## REQUIRED WORK
Your task is to repeat the lines below exactly, excluding any pictures they contain.
Segment Start: DATA SHOWN
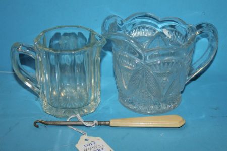 Celluloid Vintage Button Hook and Two Small Glass Pitchers Celluloid Vintage Button Hook and Two Small Glass Pitchers
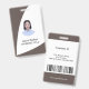 Sauberes Abzeichen von Mitarbeitern mit Foto und Text in moderner gebogener Standarddarstellung in Schwarz, Braun und Weiß
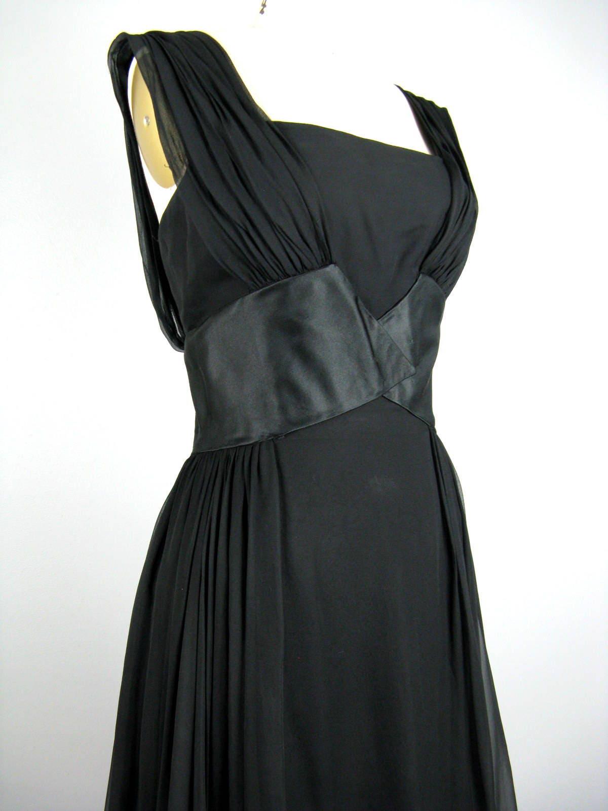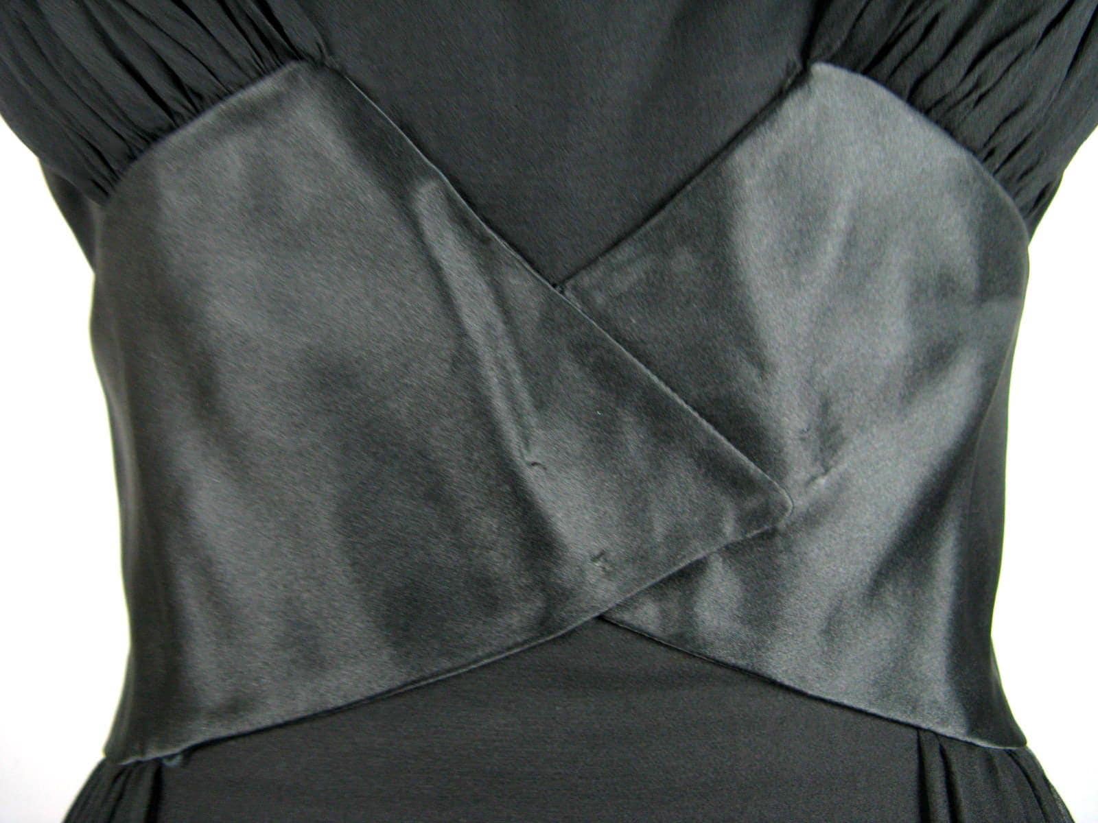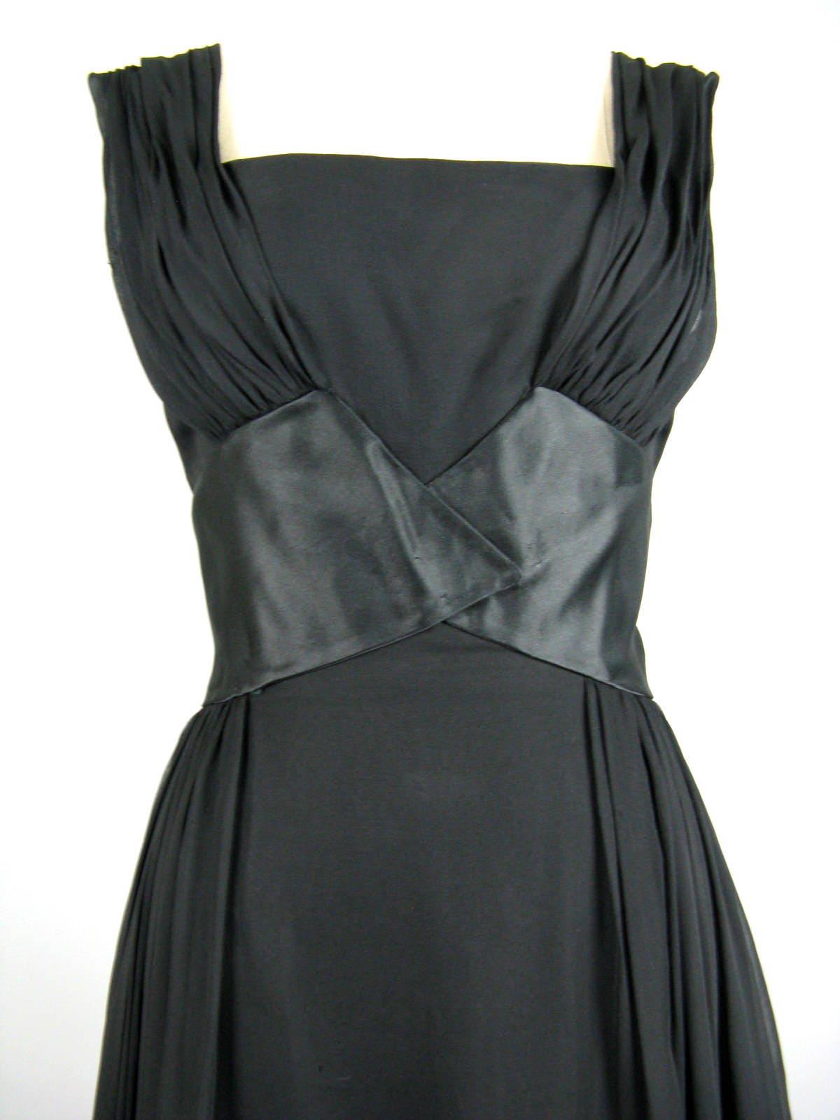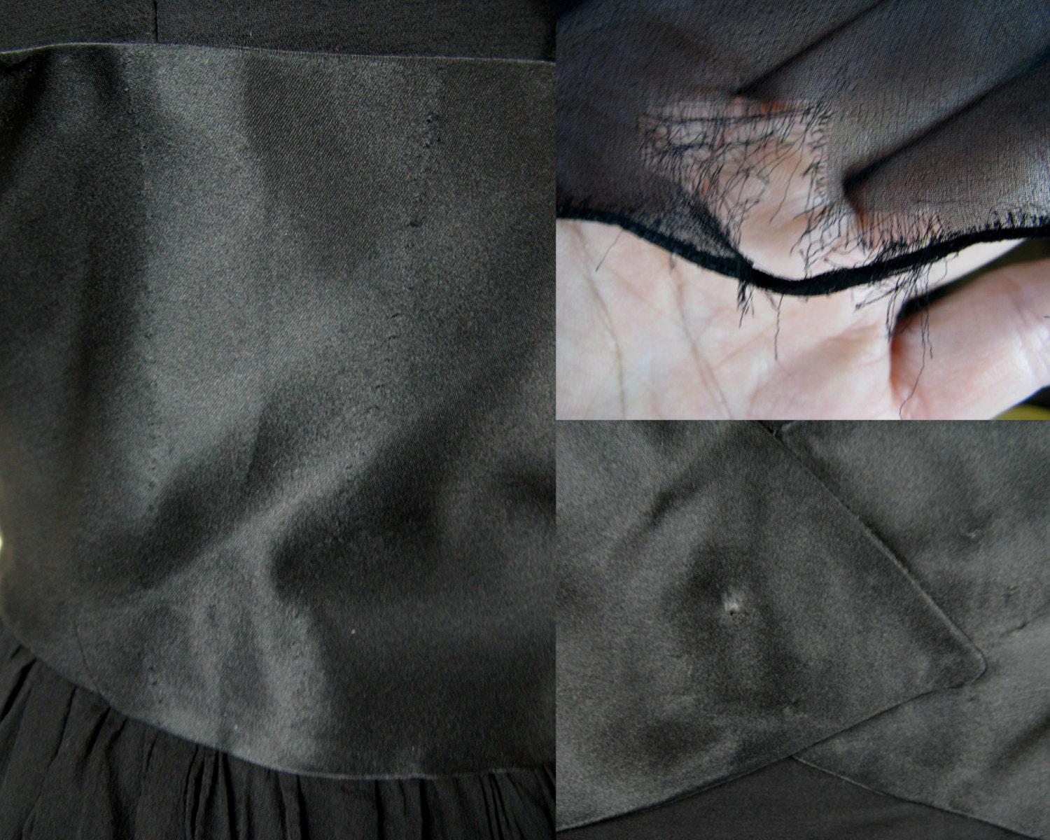 Flowing black silk chiffon, silk satin waist and shelf bust with ruched chiffon straps. Sexy V-back with metal zip. Bodice lined in a semi stiff cotton for structure. Skirt is lined in black rayon.
Segment End: DATA SHOWN
## SOLUTION TO THIS PROBLEM
 Celluloid Vintage Button Hook and Two Small Glass Pitchers Celluloid Vintage Button Hook and Two Small Glass Pitchers
 Sauberes Abzeichen von Mitarbeitern mit Foto und Text in moderner gebogener Standarddarstellung in Schwarz, Braun und Weiß
 Flowing black silk chiffon, silk satin waist and shelf bust with ruched chiffon straps. Sexy V-back with metal zip. Bodice lined in a semi stiff cotton for structure. Skirt is lined in black rayon.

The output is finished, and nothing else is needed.